Мое прекрасное искупление
Шрифт:
– Ты смешала соус? Ты должна сначала смешать его, знаешь, чтобы все перемешалось и подышало.
– Да, мам. Он стоит на столе рядом со мной.
– Ты добавила что–то еще? Он хорош таким, как я его делаю.
Я хихикнула.
– Нет, мам. Это твой соус.
– Почему ты ешь так поздно?
– Я в часовом поясе Западного Побережья.
– И все же, там девять часов. Ты не должна есть так поздно.
– Я работаю допоздна, – сказала я с улыбкой.
– На работе тебя не слишком загружают, правда?
–
– Ты не ходишь одна ночью, правда?
– Да! – поддразнила я, – И только в нижнем белье!
– Лиис! – закричала она.
Я рассмеялась вслух, и это было здорово. Казалось, что я не улыбалась долгое время.
– Лиис? – сказала она с беспокойством в голосе.
– Я здесь.
– У тебя ностальгия?
– Только по вам, ребята. Скажи папе, что я передаю привет.
– Патрик? Патрик! Лиис передает привет.
Я услышала отца где–то в комнате.
– Привет, малышка! Скучаю по тебе! Веди себя хорошо!
– На этой неделе он начал принимать капсулы с рыбьим жиром. Придают ему энергию, – сказала она.
Я услышала недовольство в ее голосе и снова засмеялась.
– Я скучаю по вам обоим. Пока, мам.
Я нажала на кнопку «завершить» мизинцем, и затем я добавила курицу и капусту. Прежде чем я добавила горох и соус, кто–то постучал в дверь. Я подождала, думая, что мне это показалось, но стук повторился, громче на этот раз.
– О, нет. О, дерьмо, – сказала я сама себе, уменьшая огонь почти до конца. Я вытерла руки кухонным полотенцем и побежала к двери. Я заглянула в глазок и затем дернула за цепочку и замок, хватаясь за него, как сумасшедшая.
– Томас, – прошептала я, не в силах скрыть свой шок.
Он стоял там, в простой белой футболке и спортивных шортах. У него даже не было времени надеть обувь, судя по его босым ногам.
Он начал говорить, но передумал.
– Что ты здесь делаешь? – спросила я.
– Здесь вкусно пахнет, – сказал он, втянув носом воздух.
– Да, – я повернулась в сторону кухни.
– Жареная курица с овощами. У меня много, если ты голоден.

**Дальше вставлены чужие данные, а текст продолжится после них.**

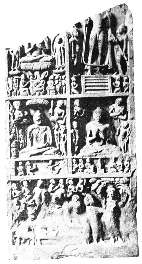 Scenes from Buddha's life (1)a. Maya's dream, b. Birth of Buddha, c. the first bath, (2) the Sambodhi, (3) Dharma-cakra-pravartana, (4) The Miracle of Sravasti and (5) Devavatara, from Sarnath, Benares (Indian Museum No. S. 1.)
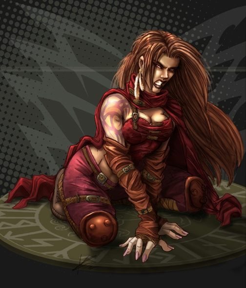 Syndra is a small and petite female sylvan elf. Her long red hair and blue eyes has marked her as good fortune for her clan. She dresses in colored studded leather and is never seen without her bow. Syndra has ritual tattoos on her wrists, ankles and neck, in honor of her religion, Solonar Thelandira. The artwork depicts arrows with ribbon work of leaves and branches.
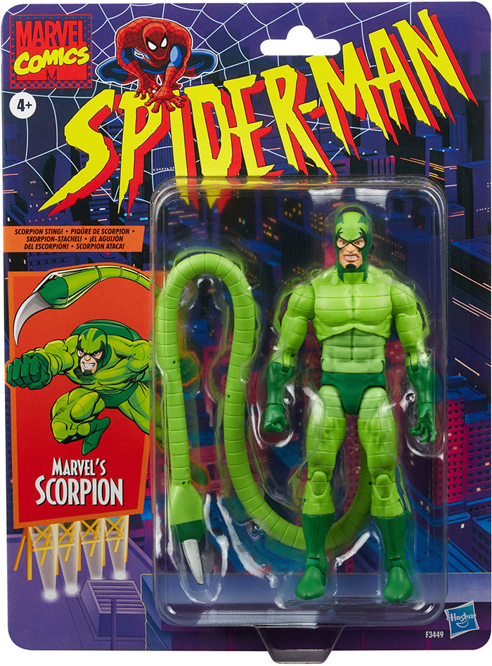 Description: Spider-Man's green, grimacing enemy Scorpion crawls onto the Marvel Legends scene with this 6-inch comics figure! Inspired by the comics, this Marvel's Scorpion figure features the Scorpion's classic deco from his appearances throughout Marvel history! The Marvel's Scorpion figure is highly posable for display and play and comes in retro-style packaging to recreate the classic Marvel Legends releases! . 2
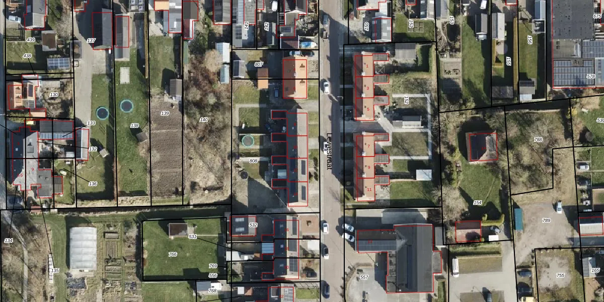 Het perceel waarop Lewestraat 10 staat heeft een oppervlakte van 1289 m². Dit is een zeer groot perceel. De perceeloppervlakte wordt geregistreerd door het Kadaster. Gedetailleerde informatie over de maten van dit perceel kunt u vinden in het rapport Kadastrale kaart met maatvoering van Lewestraat 10.
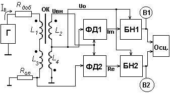 Функциональная схема лабораторной установки дана на рис. 1. При выполнение работы используется КП, фазометр типа Ф2−1, вольтметр типа В3−14, измерительный субблок, проходные преобразователи, набор образцов 201÷216 и устройство перемещения преобразователя.
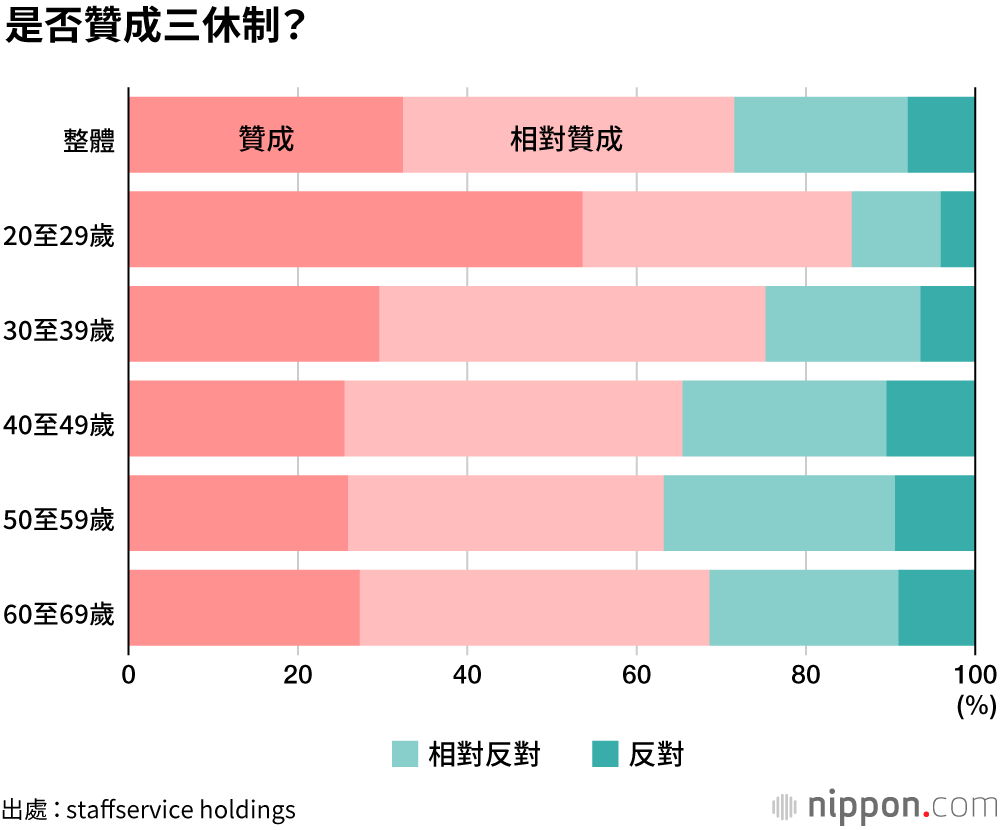 被問到是否贊成實行「選擇式三休制」時,回答「贊成」和「相對贊成」的受訪者比例合計達到71.5%。超過85%的20多歲受訪者表示贊成,而40多歲和50多歲受訪者中,該比例停留在60%至70%的水準。

– Ты одна? – спросил он, смотря мне вслед.
Я усмехнулась.
– Конечно, я одна. Кому еще здесь быть?
Он уставился на меня на несколько секунд.
– На тебе мое худи.
Я посмотрела вниз. – О. Тебе его вернуть?
Он покачал головой.
– Нет. Ни в коем случае. Я просто понял, что ты все еще носишь его.

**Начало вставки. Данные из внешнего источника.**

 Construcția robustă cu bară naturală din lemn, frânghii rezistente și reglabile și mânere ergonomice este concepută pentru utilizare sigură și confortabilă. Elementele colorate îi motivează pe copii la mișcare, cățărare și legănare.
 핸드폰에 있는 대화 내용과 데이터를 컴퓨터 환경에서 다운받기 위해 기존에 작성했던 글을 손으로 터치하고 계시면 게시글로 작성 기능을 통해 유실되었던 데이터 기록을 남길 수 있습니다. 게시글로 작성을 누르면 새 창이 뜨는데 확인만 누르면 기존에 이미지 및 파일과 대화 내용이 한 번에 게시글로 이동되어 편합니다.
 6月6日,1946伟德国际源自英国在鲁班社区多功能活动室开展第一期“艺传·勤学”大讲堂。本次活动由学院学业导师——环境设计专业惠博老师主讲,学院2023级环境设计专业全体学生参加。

– Я часто его ношу. Оно иногда заставляет меня чувствовать себя лучше.
– Я… эммм… хотел с тобой поговорить. Офис гудит о твоем взрыве.
– Только моем? Я эмоциональна, потому что я женщина. Типично, – пробормотала я.
– Лиис, ты разговаривала на японском в офисе. Все знают.
Я побледнела.
– Мне жаль. Я была расстроена, и я… дерьмо.
–
– Хорошо, – я обняла себя за плечи, чувствуя себя уязвимой.
– Но они не нашли его.
– Что? А как насчет Сойера? Я думала, что он мастер надзора. Разве он не следит за Гроувом?
– Сойер уехал, чтобы найти Гроува. Не волнуйся. Сойер найдет его. Ты… ты хочешь, чтобы я остался с тобой?
Я посмотрела на него. Его выражение лица умоляло меня сказать «да». Я хотела, чтобы он был здесь, но это будет означать только долгие разговоры, которые привели бы к аргументам, а мы оба устали бороться. Я покачала головой.
– Нет, я буду в порядке.
Кожа вокруг его глаз смягчилась. Он сделал шаг и подошел ко мне, охватив руками мое лицо. Он взглянул мне в глаза, и в его орехово–зеленых озерах глаз бурлил внутренний конфликт.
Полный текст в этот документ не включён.